Подозреваемый - Азаров Юрий Петрович 4 стр.


- Поразительный портрет, - сказал Попов. - С натуры?

- Это мой отец.

- Ты так ненавидел отца?

- Напротив. Я изобразил его невыносимую муку…

Неожиданно к нам подошли две девицы, которые несколько раньше определили во мне трансцендентные начала.

- Они в нем в чистом виде, - сказали обе разом.

- Вы знакомы? - спросил я.

- Владимир Петрович, профессор и руководитель Экспериментальной лаборатории транссинтеза.

- Это правда? - удивился я, поскольку раньше исследовательских данных у Володи не замечал. Как художник, он был неплохим рисовальщиком, владел композицией, но вот создавать что-то принципиально новое - такой дерзости за ним не водилось.

Владимир Петрович уловил мою мысль и точно в свое оправдание сказал:

- Я всего лишь ученик академика Гранова, влюбился в его методологию и стал последовательно проводить его идеи в жизнь, в частности в Европейском университете права.

- Это у юристов, что ли?

- Совершенно верно.

- Ты там работаешь?

- Да, заведую кафедрой психологии и педагогики и веду опытно-экспериментальную работу.

- Так ты вроде бы в МГУ работал?

- Я и там продолжаю работать на полставки.

- И какая же у тебя тема, если не секрет?

- Я не хотел бы делать из моей темы секрета, но и раскрывать все ее стороны не позволено, да и не под силу это мне.

- Ну в общих чертах хотя бы, - допытывался я, будучи окончательно заинтригованным.

- Наше учреждение именуется Центром прогнозирования социальных и духовных процессов.
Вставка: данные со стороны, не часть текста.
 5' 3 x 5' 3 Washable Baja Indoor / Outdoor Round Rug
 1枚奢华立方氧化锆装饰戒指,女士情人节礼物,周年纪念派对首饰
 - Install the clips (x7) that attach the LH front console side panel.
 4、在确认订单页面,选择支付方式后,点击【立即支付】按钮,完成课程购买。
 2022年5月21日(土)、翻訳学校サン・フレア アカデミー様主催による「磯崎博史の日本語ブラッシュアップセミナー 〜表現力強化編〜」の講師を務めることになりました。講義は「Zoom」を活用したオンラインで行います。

Основные цели: как выжить в этой стране, как избежать на-двигающихся катастроф, как преодолеть чисто русскую депрессию и как возглавить в лице России мировой духовно-творческий процесс.

- Ну как же решать эти задачи? - улыбнулся я. - Активно противостоять злу? Осуществить великую соловьевскую идею всеединства, преодолеть в самом себе все семь смертных грехов?
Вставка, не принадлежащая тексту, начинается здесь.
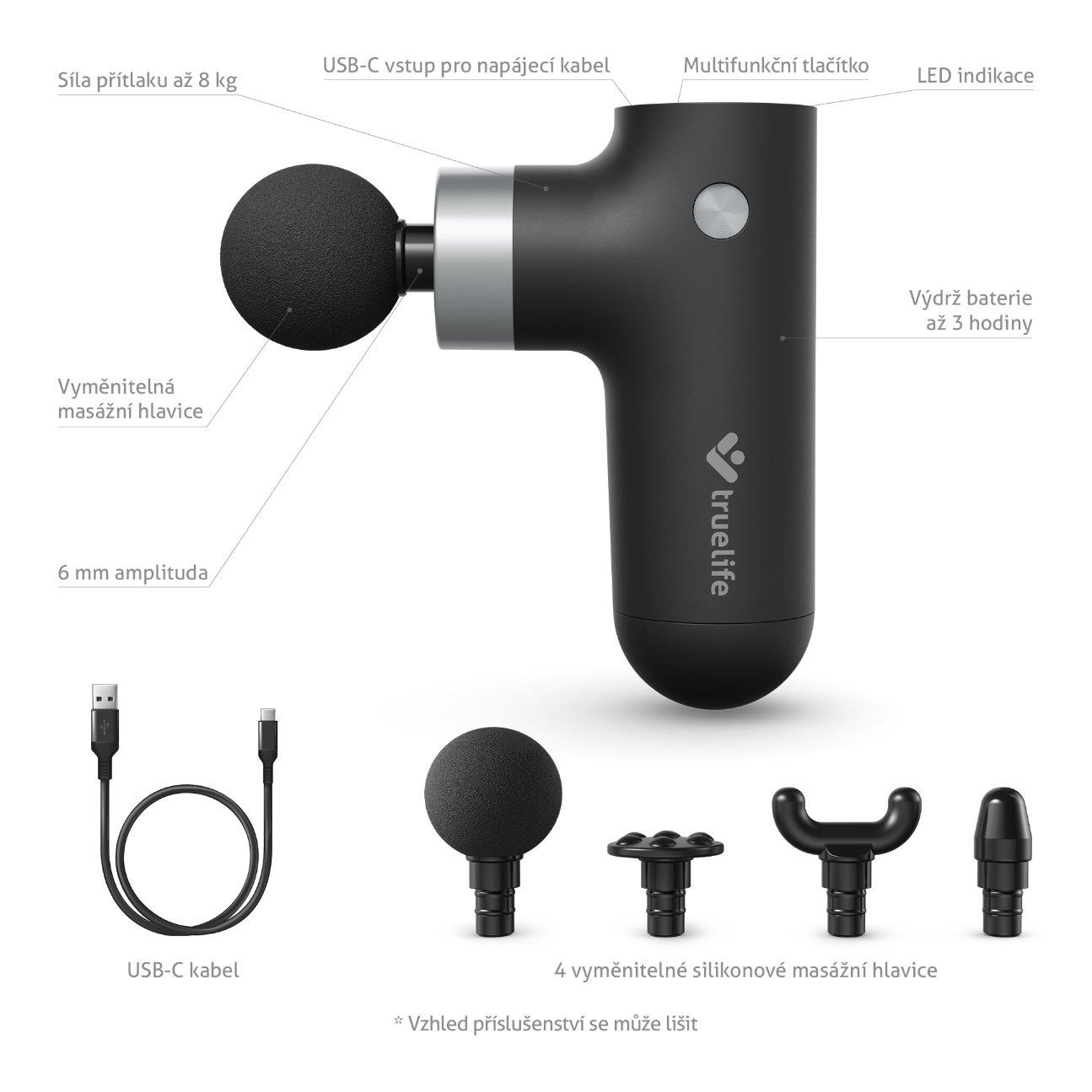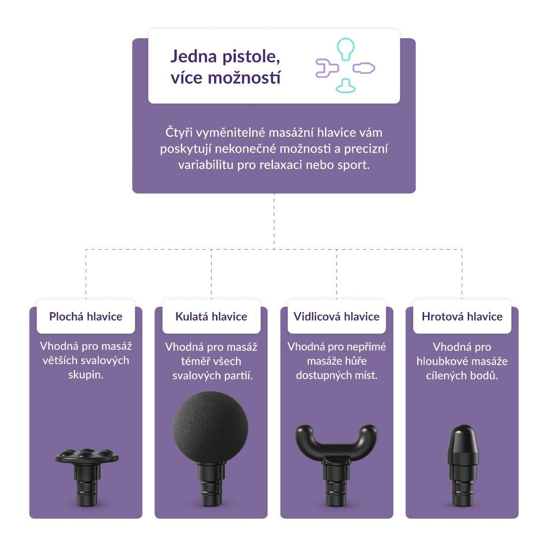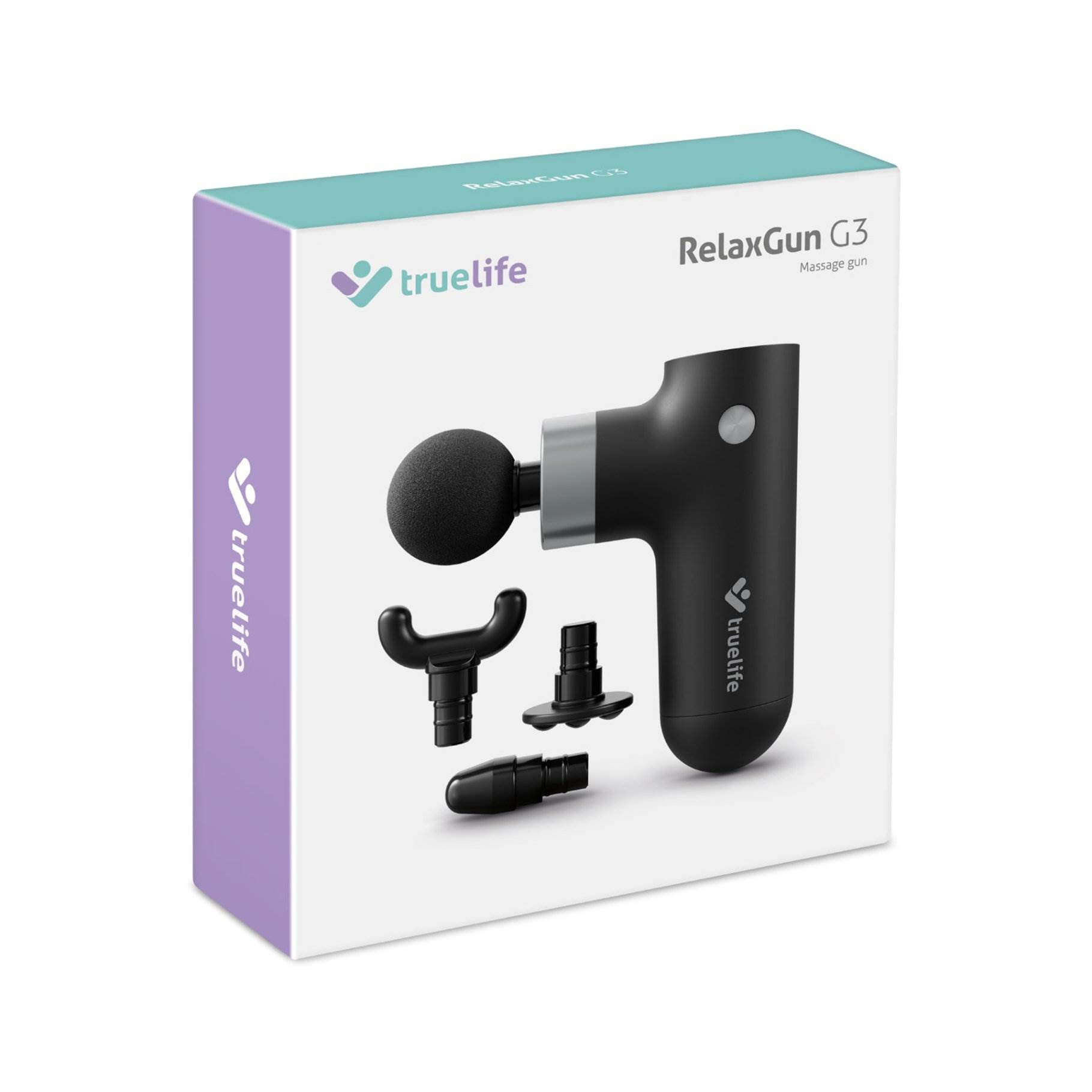 TrueLife RelaxGun G3 má 4 masážne hlavice, z ktorých každá má svoje špecifické použitie. Hlavica Flat Head je jednou z najpoužívanejších hlavíc, pretože jej plochá štruktúra je vhodná na masírovanie väčších svalových skupín, ako sú chrbát alebo stehná. Vidlicová hlavica Fork Head sa vyznačuje dvoma úzkymi špičkami, ktoré masírujú ťažko dostupné miesta, ako sú trapézy alebo zápästia. Hlava sa dokonale prispôsobí kontúram tela a je vhodná aj na masáž hlbokých svalov. Guľatú hlavicu Ball Head možno použiť takmer na všetky svalové partie, pretože vďaka svojmu tvaru sa prispôsobí telu. Účelom hrotovej hlavice Bullet Head je masáž špecifických bodov na tele, tzv. trigger pointov.

- Абсолютно верно, - загорелся вдруг Попов, таким возбужденным я никогда его не видел. - Но главное - здесь два возможных пути. Первый - самоукорение: Я - никто в этом мире, Я - греховен и нуждаюсь в покаянии; а второй - это реальное признание своего Богоподобия, своих Божественных или трансцендентных начал. Я не случайно здесь поставил разделительный союз "или". Трансцендентность есть предельное приближение к Богу, самое сильное и горячее желание осуществить Божественные начала в самом себе…

- И как это выражается на практике? - перебил я Попова.

- Очень просто. Скажем, я хочу добиться наивысшего результата в любом виде творчества, скажем в живописи. Я беру двадцать студентов того же Европейского университета права, заметь, двадцать студентов, которые раньше никогда не занимались живописью, даю этим студентам уроки трансценденции, то есть учу их преодолевать собственную депрессию, учу их различать в себе самих Божественные начала, а затем вместе с ними раскрываю их собственные дарования изобразительными средствами с помощью красок, цвета, света, композиции.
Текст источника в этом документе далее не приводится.